> _EXERCISE DIRECTIONS_: Repeat only what runs from the line with "Learn Computer Course" through the last line of the data below, both included, keeping every word as it is and leaving out the pictures.
-------
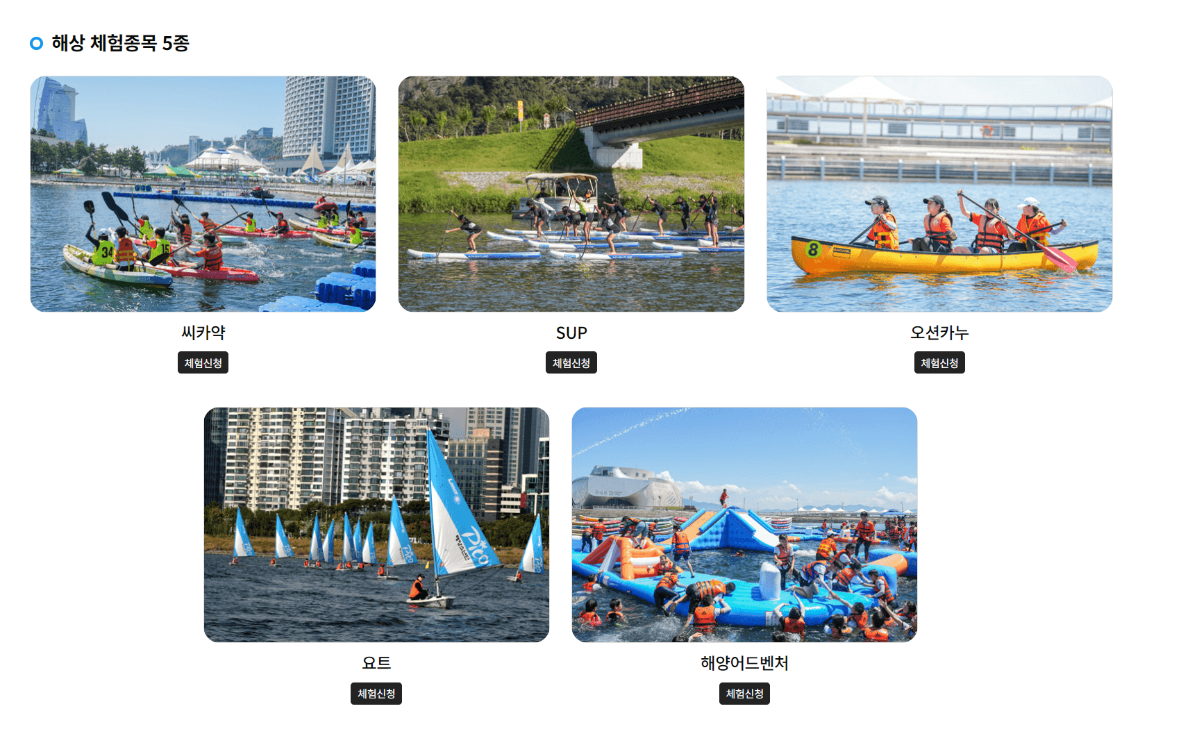 위의 버튼을 클릭하면 씨카약, SUP 패들보, 오션카누, 요트, 해양어드벤처를 신청할 수 있습니다.
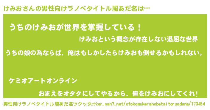 | ヘコむあだ名 | 『レバニラ』『けみお(小並感)』 |
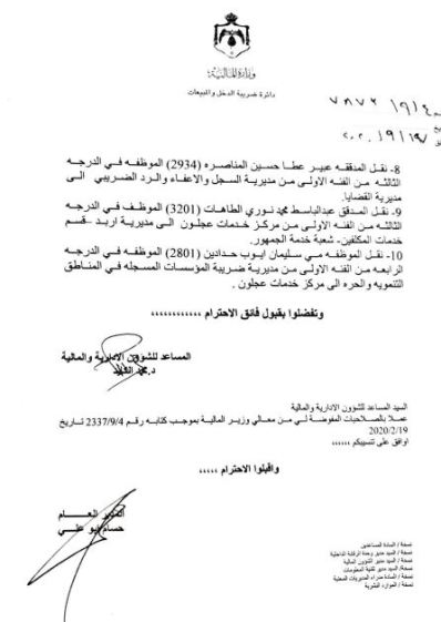 قرر مدير عام دائرة ضريبة الدخل والمبيعات حسام أبو علي اليوم الخميس اجراء عدد من التنقلات في الدائرة وجاءت كما يلي :
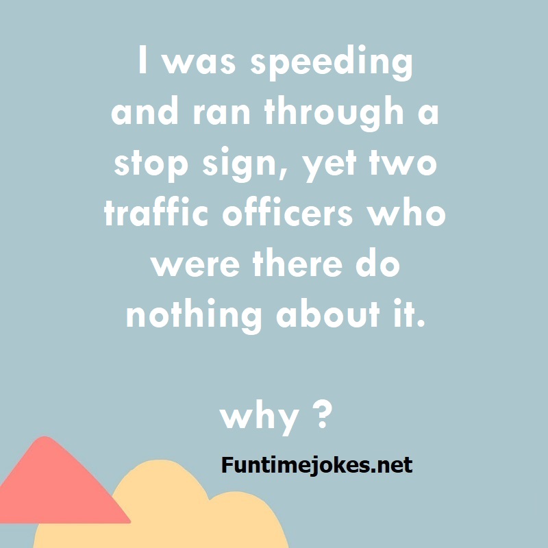 I was speeding and ran through a stop sign, yet two traffic officers who were there do nothing about it. why ? is one of the best riddle of the day.We have best collections of riddles, You can see our best collection of Tricky Riddles with Answer
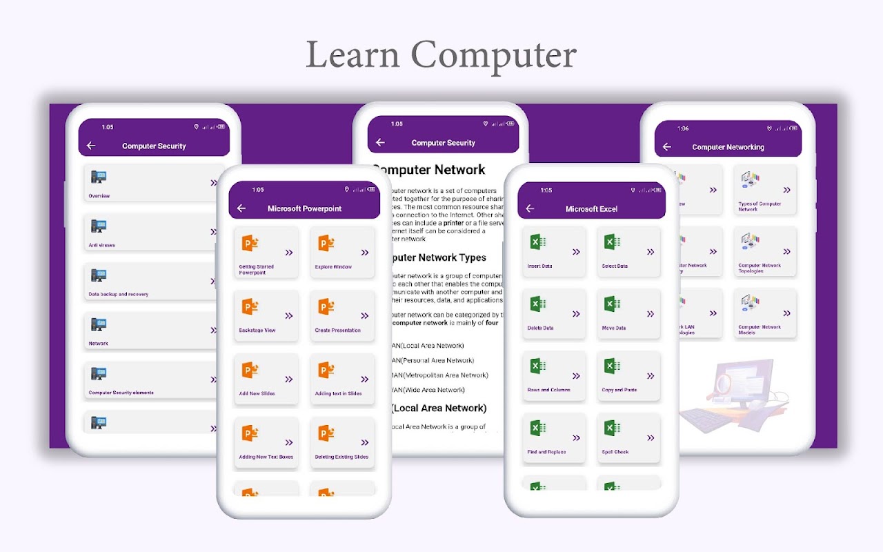 Learn Computer Course is an application that is simple to use for all types of users and allows them to simply learn their selected course on a regular basis. The application works totally offline, and all beginners who want to acquire basic knowledge of computers should install it on their own mobile device. Learn about computers and the fundamentals of computer hardware and software with this programme.
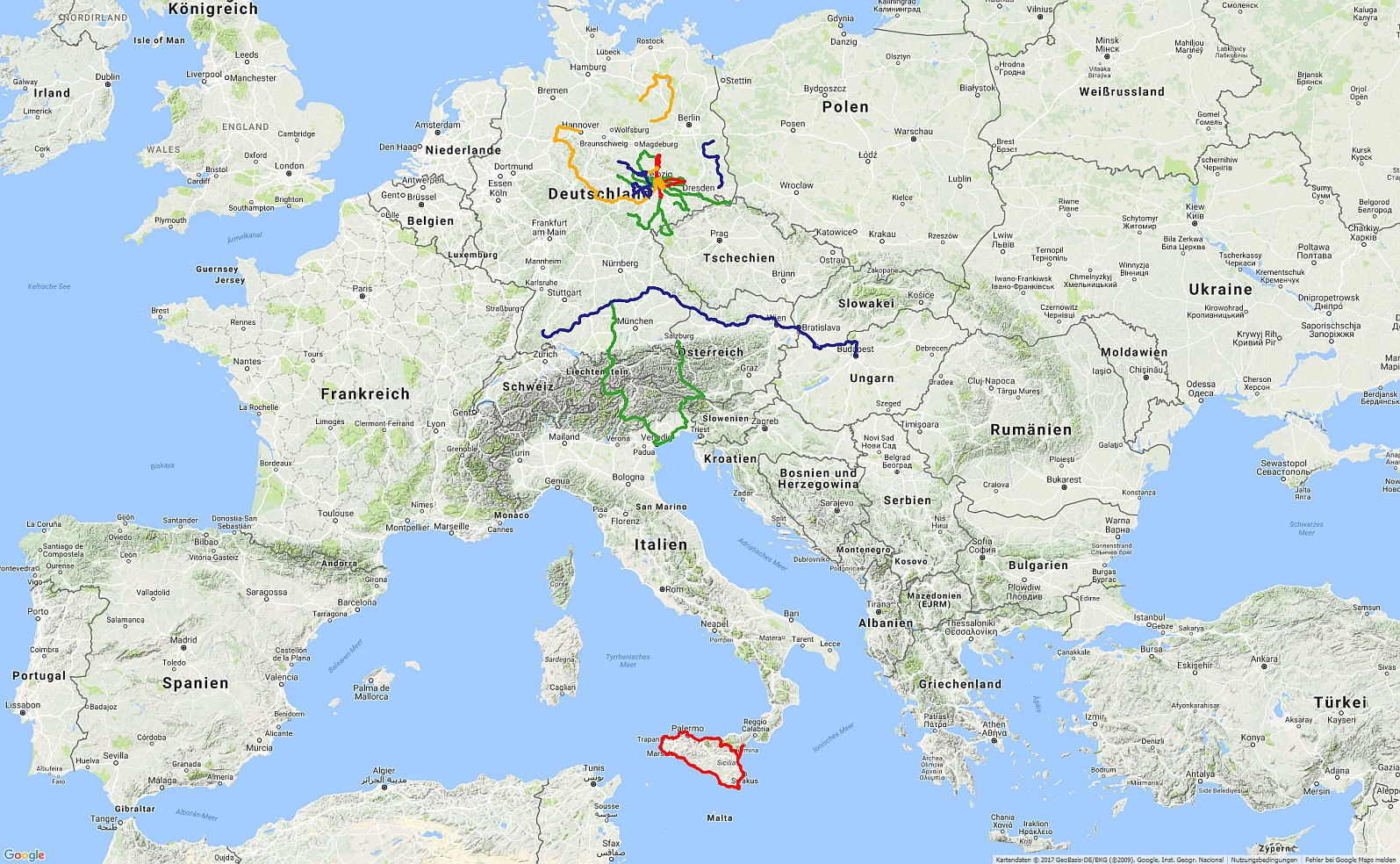 Es sind schon ein paar Kilometer zusammengekommen, die wir seit 2013 gemeinsam mit den Fahrrädern geradelt sind. Hier mal ein kleiner Gesamtüberblick:
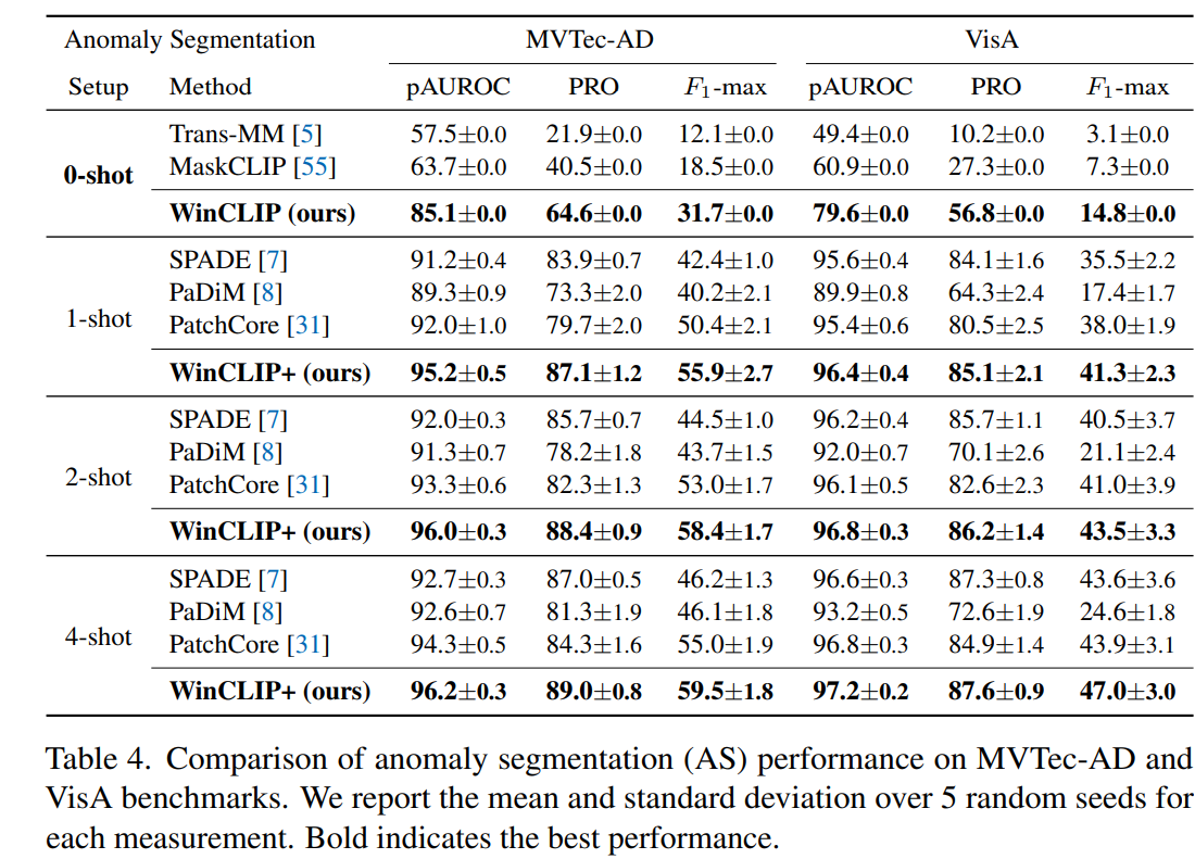 제로샷 이상 분할에 대한 이전 연구는 따로 존재하지는 않지만, 두 가지 방법을 변형하여 사용하면 다음과 같다. 1. Trans-MM은 트랜스포머 모델을 위한 최근 모델 해석 방법으로 픽셀 수준의 마스크를 제공한다. 2. MaskCLIP은 MVTec-AD와 VisA 데이터셋 모두에서 두 방법을 크게 능가 한다. 이는 CLIP의 일반적인 변형이 WinCLIP만큼 성능을 발휘하지 못하기 때문이다.
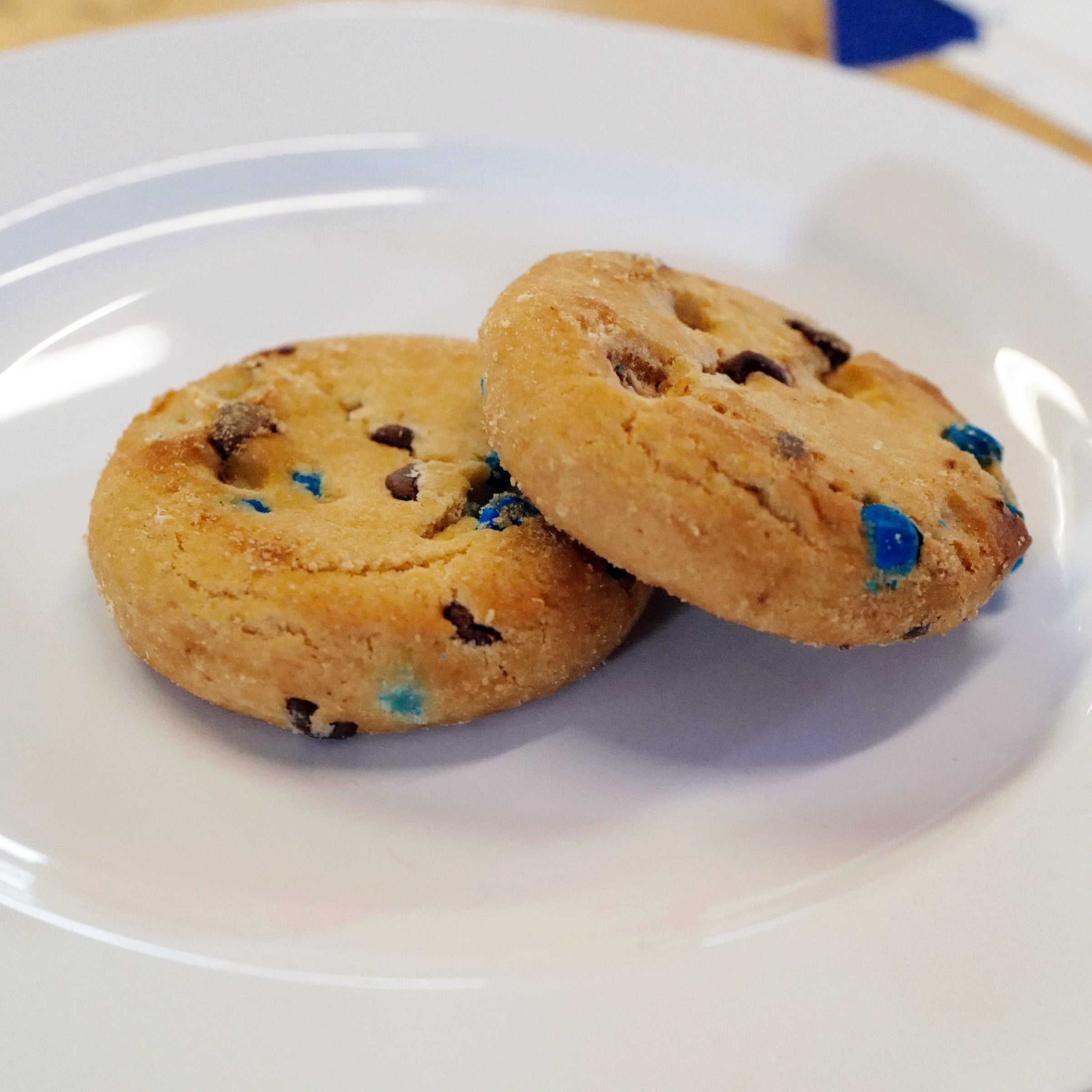 - Crunchy chocolate chip cookies with blue candy coated pieces
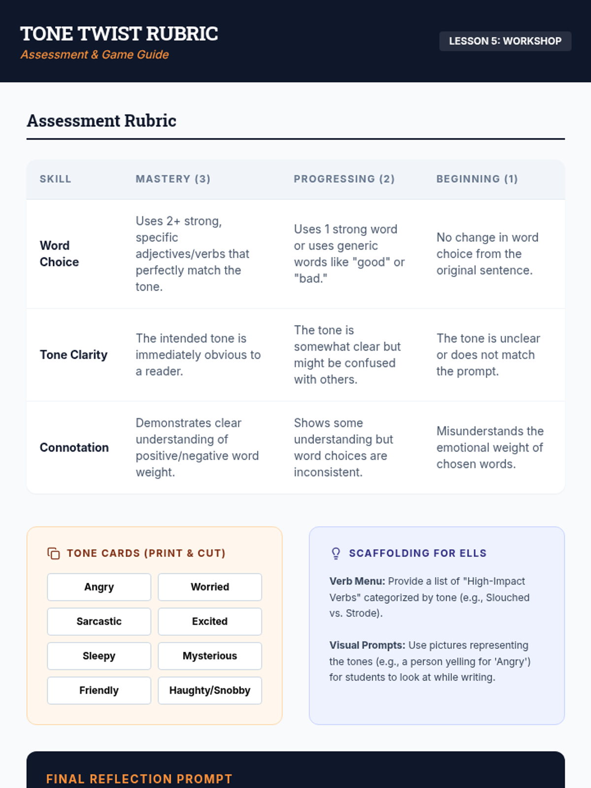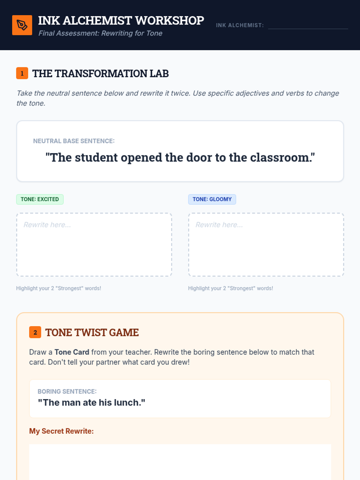 Students demonstrate mastery by rewriting neutral paragraphs into specific tones and participating in a 'Tone Twist' game.
-------
> _ANSWER_:
 Learn Computer Course is an application that is simple to use for all types of users and allows them to simply learn their selected course on a regular basis. The application works totally offline, and all beginners who want to acquire basic knowledge of computers should install it on their own mobile device. Learn about computers and the fundamentals of computer hardware and software with this programme.
 Es sind schon ein paar Kilometer zusammengekommen, die wir seit 2013 gemeinsam mit den Fahrrädern geradelt sind. Hier mal ein kleiner Gesamtüberblick:
 제로샷 이상 분할에 대한 이전 연구는 따로 존재하지는 않지만, 두 가지 방법을 변형하여 사용하면 다음과 같다. 1. Trans-MM은 트랜스포머 모델을 위한 최근 모델 해석 방법으로 픽셀 수준의 마스크를 제공한다. 2. MaskCLIP은 MVTec-AD와 VisA 데이터셋 모두에서 두 방법을 크게 능가 한다. 이는 CLIP의 일반적인 변형이 WinCLIP만큼 성능을 발휘하지 못하기 때문이다.
 - Crunchy chocolate chip cookies with blue candy coated pieces
 Students demonstrate mastery by rewriting neutral paragraphs into specific tones and participating in a 'Tone Twist' game.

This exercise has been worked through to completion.